By defining the above signaling parameters per layer, a high degree of flexibility is achieved. Particularly, in the prior art it is a requirement that the base layer exist at the lowest resolution. In the present scheme, no such limitation exists. The aforementioned parameters may be independently defined for each layer, independent of any other layer. Another feature of the invention is the case where multiple enhancement layers are defined. In this case, a separate parameter list could be constructed to define a multiplicity of quality levels. For example, for a four layer video stream including a base layer and three enhancement layers, a first parameter list could be constructed to define a combination of the base layer BS with both enhancement layers ESI and ES2. A second parameter list could be constructed to define a combination of the base layer BS with the second and fourth enhancement layers (BS + ES2 + ES4). Other combinations should be apparent to the reader. All of the combinations of interest to a user may be simultaneously transmitted as elements of parameter list 220. FIG. 3 illustrates a decoder 300 according to one embodiment of the invention. Figure 3 illustrates a decoder for decoding the encoded signals processed by the layered encoder 200 of FIG. 2. The base stream BS is decoded in base decoder 302 in accordance with those parameters from parameter list 200 which are associated with the base layer BS. The decoded output from the decoder 302 is upconverted by an upconverter 306 and then supplied to an addition unit 310. The enhancement stream ES is decoded in a decoder 304 in accordance with those parameters from parameter list 200 which are associated with the enhancement stream ES. The modification unit 308 performs the inverse operation of the modification unit 207 in the encoder 200. The modification unit 308 converts the decoded enhancement stream from a normal video signal range to the signal range of the original residual signal. The output of the modification unit 208 is supplied to the addition unit 310, where it is combined with the output of the upconverter 306 to form the output of the decoder 300.
EXAMPLES:
Example 1- A dual layer configuration utilizing an AVC decoder in the base layer and an MPEG-2 decoder in the enhancement layer. :
Referring to FIG. 4, Tables I and II define a parameter list 220 that would be broadcast over a communication channel as supplemental information to inform a decoder as to how to combine the various streams (e.g., Layl, Lay2) to output a single decoded video stream. Referring to the first row of the parameter list, (i.e., the row describing parameters specific to the base layer, Layl) the encoder side parameter list instructs the decoder to use an AVC decoder in the base layer (Layl). Next, the parameter list instructs the decoder that the DC offset parameter is zero. This instructs the decoder 300 not to subtract a DC offset in the base layer prior to combining this layer with the enhancement layer, Lay2. The next four columns of the first row are labeled upH, dwH, upV and dwV, respectively, and refer to an upscaling factor in the horizontal (upH), downscaling factor in the horizontal (dwH), an upscaling factor in the vertical (upV) and a downscaling factor in the vertical (dwV). The decoder 300 uses these parameter in pairs. That is, the decoder 300 takes a ratio of the first two parameters, upH/dwH to determine whether the horizontal is to be upscaled, downscaled or not scaled at all. In the present example, the horizontal scaling ratio
Hor. Scaling ratio = upH/dwH = 2/1 = 2 (1) Similarly, for the vertical direction, the decoder 300 takes a ratio of upV/dwV to determine whether the vertical is to be upscaled, downscaled or not scaled at all. In the present example, the vertical scaling ratio
Ver. Scaling ratio = upV/dwV = 2/1 = 2 (2)
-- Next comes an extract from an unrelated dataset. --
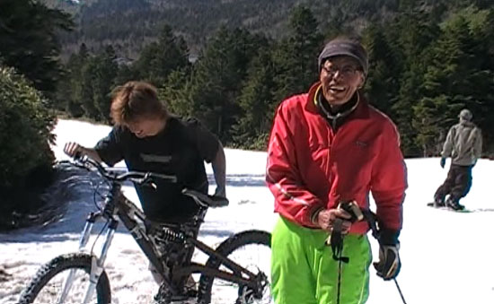 御年73歳。 妙高から来ていると言っていた爺ちゃんは、 華麗に今どきの滑りを披露する、元気一杯の お茶目な人だった。 |
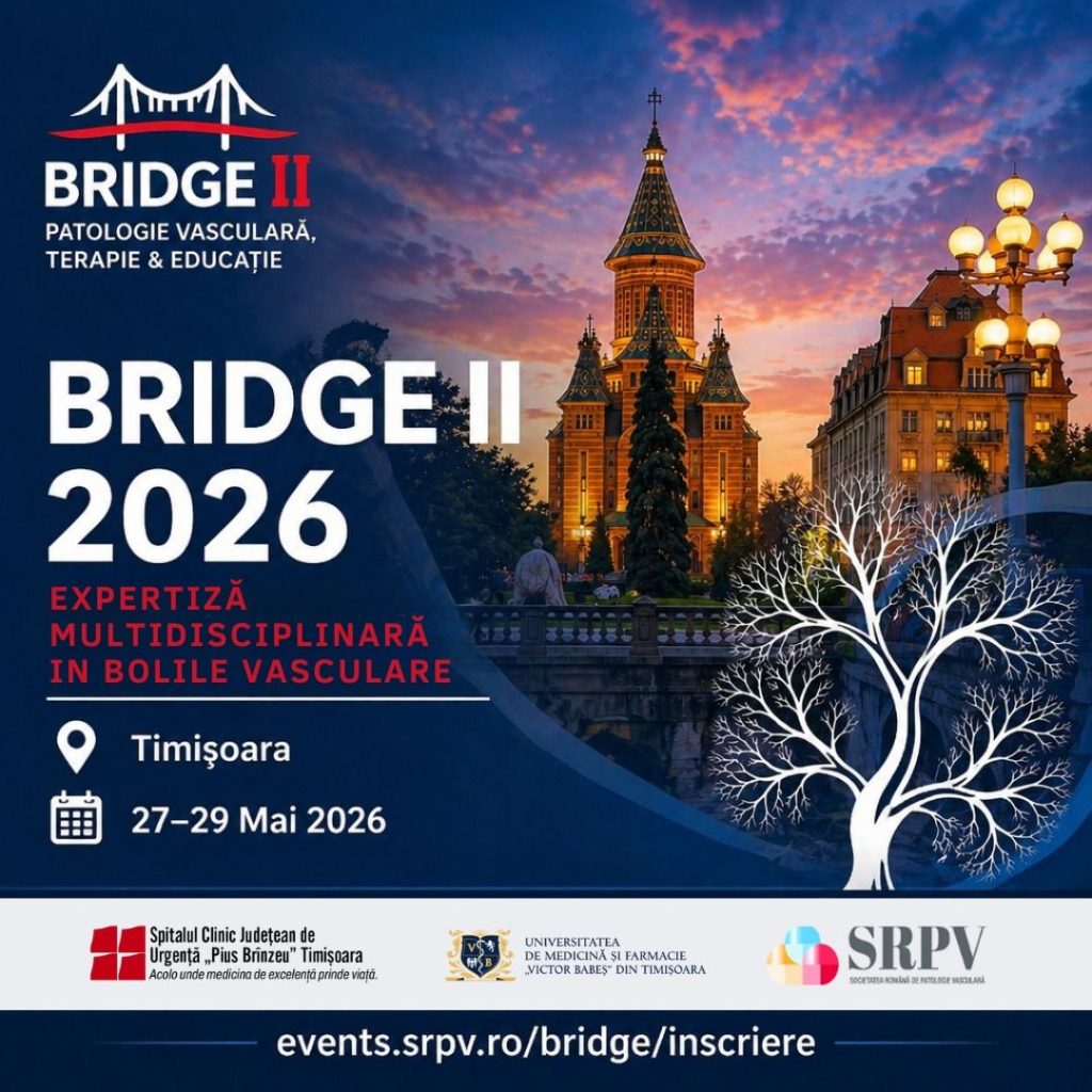 Societatea Română de Patologie Vasculară (SRPV), în parteneriat cu Spitalul Clinic Județean de Urgență „Pius Brînzeu” Timișoara și Universitatea de Medicină și Farmacie „Victor Babeș” Timișoara, vă invită să participați la BRIDGE II – Bridging Expertise in Vascular Diseases, ediția a doua a congresului științific dedicat abordării multidisciplinare a patologiei vasculare.

After performing any DC offsets and adjusting for the appropriate horizontal and vertical offsets, the next column refers to what layer the previous layer is to be added to. After performing the operations described on the base layer (Layl) the result is combined with the single enhancement layer, Lay2. Table I provides a number of parameters specific to the enhancement layer, Lay2.
Specifically, the parameter list instructs the decoder to use an MPEG-2 decoder for the single enhancement layer, Lay2. The parameter list further instructs the decoder to perform a DC offset of 128. The (recommended) filter coefficients for performing this offset are defined in Table II. Specifically, seven filter coefficients are defined in both the horizontal and vertical direction.
Example 2 - Three layer configuration utilizing an AVC decoder in the base layer (Lay 1) and both enhancement layers (Lay2, Lay3).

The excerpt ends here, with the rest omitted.